Возле высокого ресторанного крыльца беру небольшую паузу. Димкина машина становится неподалёку, к ней подскакивает парковщик. Водитель, – то есть, мужик в тёмных очках, очень похожий на меня, – слушает парковщика и поглядывает на меня.

Я поднимаюсь на крыльцо.

На секунду атмосфера шикарного ресторана приводит меня в замешательство, я теряюсь, не могу сообразить, что нужно сказать шагнувшему ко мне метрдотелю. Я только верчу головой, словно ищу кого-то в зале, и этого оказывается достаточно. Метр ведёт меня к заказанному столику, усаживает, подаёт меню. Я пробегаю глазами страницы. И заявляю чуть хриплым, незнакомым самому себе голосом, что я жду даму, а пока прошу принести мне воды.

Спустя пару минут официант приносит мне бутылку. Я пью воду и разглядываю себя, то есть, нас с Димкой, в зеркальных стенах. Прямо перед собой я вижу нас анфас, а если скосить глаза – и в профиль. И даже затылок наш мелькает в каких-то зеркальных гранях. И во всех гранях мы так хороши, по-мужски хороши, что всё происходящее кажется нереальным, сродни этой зеркальной чужой жизни.

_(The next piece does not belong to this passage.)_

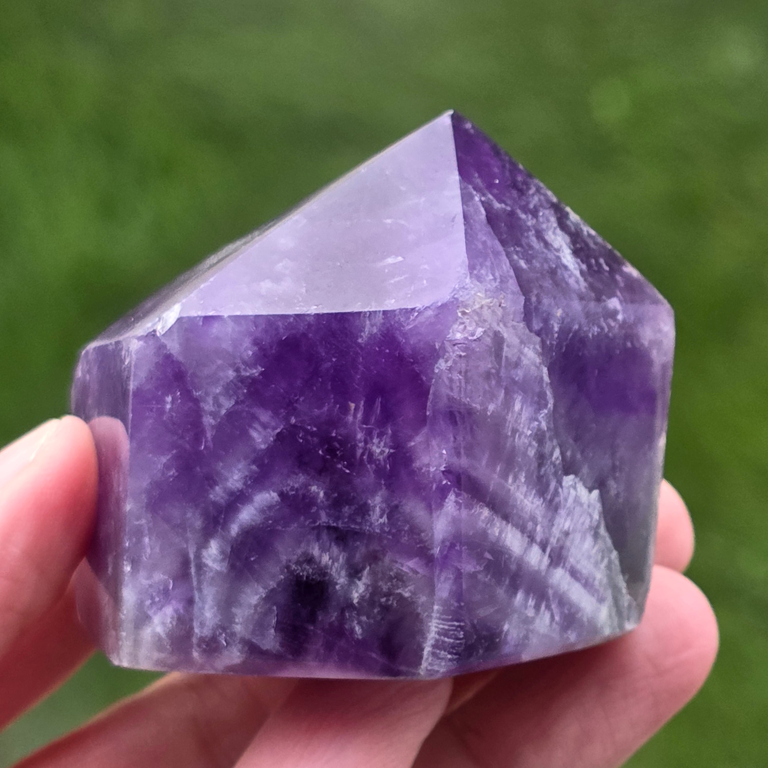 Ametyst Chevron jest znany ze swoich powiązań z czakrami korony i trzecim okiem, zwiększając intuicję i zdolność podejmowania decyzji.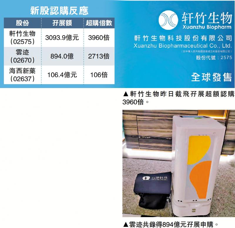 上圖:軒竹生物昨日截飛孖展超額認購3960倍。下圖:雲迹共錄得894億元孖展申購。

Дама появляется спустя двадцать три минуты. Перед тем она звонит мне, то есть по нашему телефону, и я слышу знакомый нежный голос.

– Дима, извини, у меня проблема, – говорит она. – Но я её разрешила и бегу со всех ног.

Я сижу и жду её со странным, щемящим чувством. Она бежит… К кому? К Димке? Она бежит к нему, а жду её я, – отвергнутый Саня. Мне вдруг чудится, что мы ошибаемся, что так нельзя, что человек имеет право любить кого угодно и быть с тем, кто ему мил, а не с тем, кого подсовывают ему некие упрямцы из зазеркалья жизни…

Такие горькие, холодные мысли крутятся у меня в голове ровно до той секунды, пока в ресторан не входит Аня. Она возникает в зеркальном пространстве – стройная, как стебелёк, ясная, как майское утро, – и заполняет собой все грани сразу. И все тяжкие мысли улетучиваются из моей головы. Я благодарю того, кто подарил мне это мгновение, и встаю ей навстречу.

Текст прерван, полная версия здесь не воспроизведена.